10:24 - Non, celle de Souffel-Weiersheim, il semblerait que la personne
10:27 qui ait commis ces actes, il semblerait, soit en déséquilibre mental,
10:33 si j'ai bien compris.
10:35 Donc, il est difficile de faire des liens.
10:38 Mais par contre, moi je fais le lien avec, on va dire,
10:43 l'agressivité qui peut exister dans la société aujourd'hui,
10:46 elle existe indéniablement, on le voit au quotidien,
10:50 cette agressivité, elle existe aussi dans notre jeunesse,
10:53 parce qu'elle vit mal son quotidien, et notamment dans l'école aussi.

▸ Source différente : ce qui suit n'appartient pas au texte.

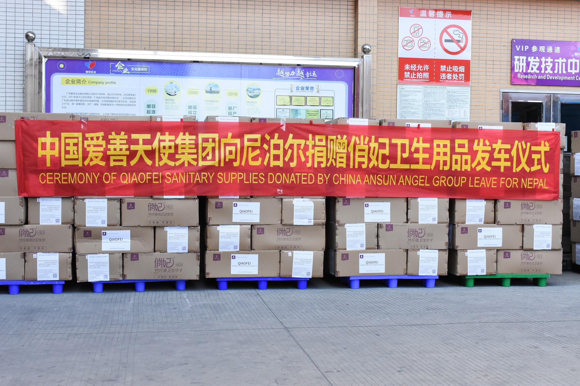 为践行“一带一路”倡议,促进中尼友好关系。2019年12月5日,爱善天使集团与联合国人口基金驻华代表处、中国生殖健康产业协会三方签署了向尼泊尔和津巴布韦两国捐赠价值近240万元人民币俏妃竹纤维卫生巾的意向书。但因新冠疫情的影响,此次捐赠直到如今才正式发车。

10:59 Et il faut lui donner les moyens, cette école,
11:02 de permettre aux jeunes de vivre sereinement dans cette école.
11:06 Quand ils sont trop nombreux dans les classes, ça ne va pas le faire.
11:10 Il ne faut pas, on va dire ce qu'on entend beaucoup,
11:15 c'est des annonces à court terme, des réactions, on va dire,
11:19 de décision face à une situation précise.
11:23 Il faut penser au moyen terme et au long terme,
11:26 pour que l'école puisse vivre apaisée, et pour ça,
11:31 évidemment, on n'y échappera pas.
11:33 - Il y a la question des moyens qui se posent.
11:35 - Les moyens, on n'y échappera pas.
11:37 - Merci beaucoup David Grisinelli d'être venu ce matin
11:39 dans le studio de France Bleu Alsace, pour répondre à nos questions
11:41 après cette agression au couteau près d'une école à Souffel-Weiersheim.